In a study done at Shanghai, China which aimed to evaluate the associations between these loci and serum uric acid concentrations, fourteen single nucleotide polymorphisms (SNPs) mapped in or near 11 loci (PDZK1, GCKR, LRP2, SLC2A9, ABCG2, LRRC16A, SLC17A1, SLC17A3, SLC22A11, SLC22A12 and SF1) were genotyped in 2329 Chinese subjects. Serum biochemical parameters including uric acid concentrations were determined. All the variants were analyzed for gender differences since uric acid metabolism differed between genders. The meta-analysis for combined data from both males and females revealed that rs3775948 and rs606458 were associated with the uric acid concentrations P=0.036 and 0.043, respectively. Study concluded that the SLC2A9 rs11722228, SF1 rs606458 and GCKR rs780094 variants modulate uric acid concentrations in Chinese males, while SF1 rs606458 and SLC2A9 rs3775948 are associated with the uric acid concentrations in both Chinese males and females [35].

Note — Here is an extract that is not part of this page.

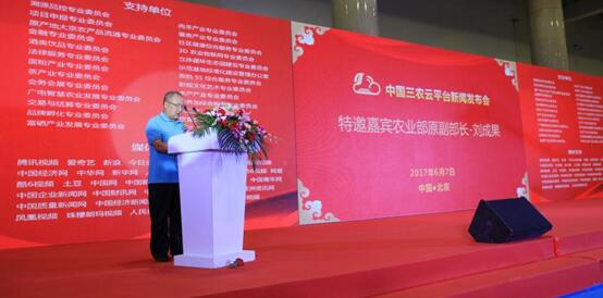 本次发布会由全国农产品加工产业发展联盟、中国乡镇企业协会联合主办,三农云服务专业委员会与北京统领网络云科技有限公司联合承办。农业部原常务副部长刘成果、农业部农村社会事业发展中心副主任李叡、中国卫星应用产业协会常务副会长王平、农业部农产品加工局科技处处长路玉彬、武警总部政治工作部张令军、世界物联网研究院执行院长卞洪登等领导应邀出席了发布会。

The genes for the urate transporters, GLUT-9 and ABCG2, which are important modulators of uric acid levels, consistently associate with serum uric acid levels and gout. Although the GWAS association data for SLC22A12 (which encodes URAT1) have been less impressive, many layers of evidence indicate that URAT1 is an essential component of renal urate handing. Loss-of-function mutations in the absorptive transporter genes SLC22A12 or SLC2A9 lead to a dominance of urate secretion and hypouricaemia, whereas loss-in-function or reduction-in-function mutations in the secretory urate transporter genes, ABCG2, SLC17A1 or SLC17A3, cause hyperuricaemia. These findings indicate that serum uric acid levels are largely determined by the relative balance between urate absorption and secretion across the proximal tubule [36].

Genetics of hypertension

Genetics of hypertension is complex with no known single gene playing a major role, but rather many genes each with mild effects reacting to different environmental stimuli contribute to blood pressure. The heritable component of blood pressure has been documented in familial and twin studies suggesting that 30%-50% of the variance of blood pressure readings is attributable to genetic heritability and about 50% to environmental factors. Early studies in hypertension identified specific enzymes, channels and receptors implicating sodium handling in the regulation of blood pressure. It included genes involved with the renin-angiotensin-aldosterone system controlling blood pressure and salt-water homeostasis, proteins in hormonal regulation of blood pressure and proteins coded by genes involved in the structure and/or regulation of vascular tone (endothelins and their receptors). The field of molecular genetics has revolutionized the study of hypertension by identifying single gene syndromes or Mendelian forms and several candidate genes for blood pressure variance. Genes have been localized to at least 20 chromosome regions. For example, recent GWAS of common genetic variants found 13 single nucleotide polymorphisms (SNPs) or variants in systolic and 20 for diastolic blood pressure readings representing different genes and genetic heterogeneity.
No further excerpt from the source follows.